L’Amérique en deux versions noires

Au choix, Hollywood face sombre par Cronenberg (« Maps to the Stars ») ou la Pennsylvanie d’un drame américain qui met en scène un très riche et deux lutteurs (« Foxcatcher », de Bennett Miller). Le choix est vite fait.

Mia Wasikowska

Jean-Luc Godard ne viendra pas, à la déception des cinéphiles, mais Robert Pattinson est bien là, pour la plus grande joie de ses jeunes fans. Question de génération. Pattinson est pour la deuxième fois, après « Cosmopolis », dans un film du Canadien David Cronenberg. Dans « Maps to the Stars », il n’a pas le premier rôle. Ce sont les femmes qui mènent la danse, Mia Wasikowska et Julianne Moore. On est à Hollywood, mais, selon Cronenberg, on pourrait être aussi bien « dans la Silicon Valley, à Wall Street, partout où les gens sont très ambitieux, cupides, ont peur de plein de choses ».

On ne sait ce qui tient au scénario de Bruce Wagner ou au cinéaste de « Crash », mais la barque est lourdement chargée. Tous les personnages sont plus que névrosés et la plupart drogués, y compris la jeune vedette de 13 ans (l’étonnant Evan Bird). Ils sont prêts à tout pour réussir. Inceste, violence, sans compter quelques fantômes sont les ingrédients de cette mixture avec laquelle Cronenberg ne renouvelle guère son inspiration. Les acteurs font ce que leur dicte leur rôle mais on n’a guère envie de les admirer. Si vous êtes malgré tout tenté, sachez que le film sort le 21 mai.
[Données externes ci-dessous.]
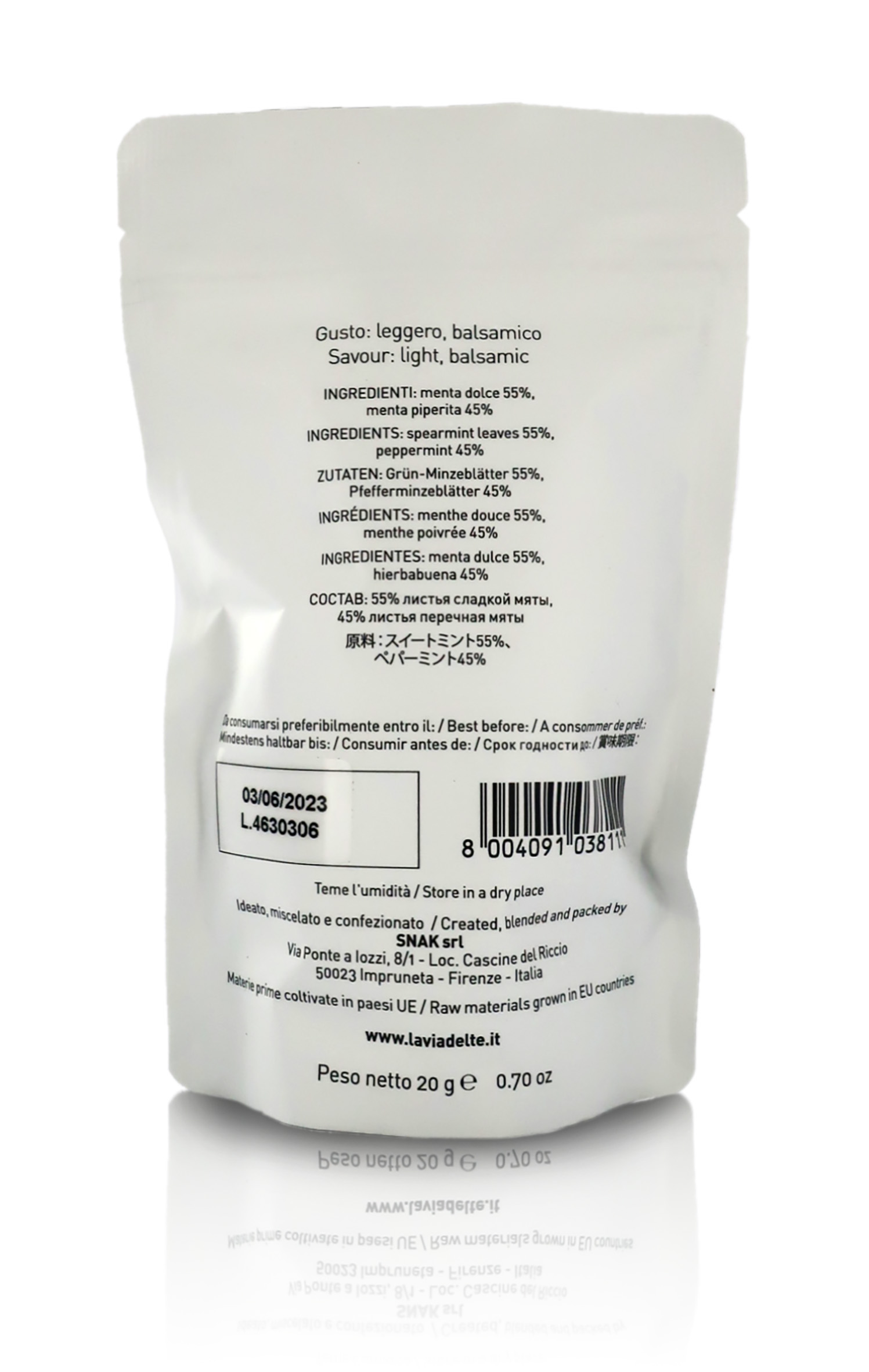 Miscela sfusa per la preparazione di tisana alla menta, realizzata con menta piperita e menta dolce. La menta piperita è conosciuta fino dall'antichità per le sue proprietà aromatiche, antispasmodiche, digestive e antisettiche. Le sue foglie sono impiegate per aggiungere aroma a tè, infusi e preparazioni gastronomiche. La tisana alla menta vanta un colore giallo chiaro, un aroma penetrante e un sapore dolciastro. In pratico sacchetto da 20g facilmente richiudibile. Preparazione: 3-4 grammi per una tazza (150 cc di acqua bollente) in infusione per 5-6 minuti almeno. Ingredienti: Menta piperita e menta dolce. Abbinamenti: Biscottini da tè con pasta di mandorla. Teme l'umidità. Conservare in luogo fresco e asciutto. L’attività de La Via del Tè, marchio ideato negli anni '80, affonda le sue radici nel 1961. Oggi come allora, l’importazione dei migliori raccolti dai paesi d’origine, la passione per la scoperta di nuove miscele e l'artigianalità fiorentina sono i punti di forza di questa marca di tè di eccellenza italiana.

Channing Tatum et Steve Carell

Côté Amérique du Nord, on préfère nettement « Foxcatcher », de Bennett Miller, dont c’est le troisième long métrage (le deuxième était le très honorable « Truman Capote » avec Philip Seymour Hoffmann). Miller raconte une histoire authentique et très américaine, celle du milliardaire excentrique John Éleuthère du Pont (Steve Carell) et des champions de lutte Mark et Dave Schultz (Channing Tatum et Mark Ruffalo). Même si on ne s’intéresse pas à la lutte (et pourquoi s’y intéresserait-on ?), on est fasciné par ce drame aux ressorts psychologiques complexes, que le réalisateur et les acteurs ont l’intelligence de ne pas simplifier. Le film, qui pourrait figurer au palmarès cannois, n’est pas programmé en France avant novembre. Essayez de ne rien savoir sur ce qui s’est passé, vous n’en serez que plus séduit.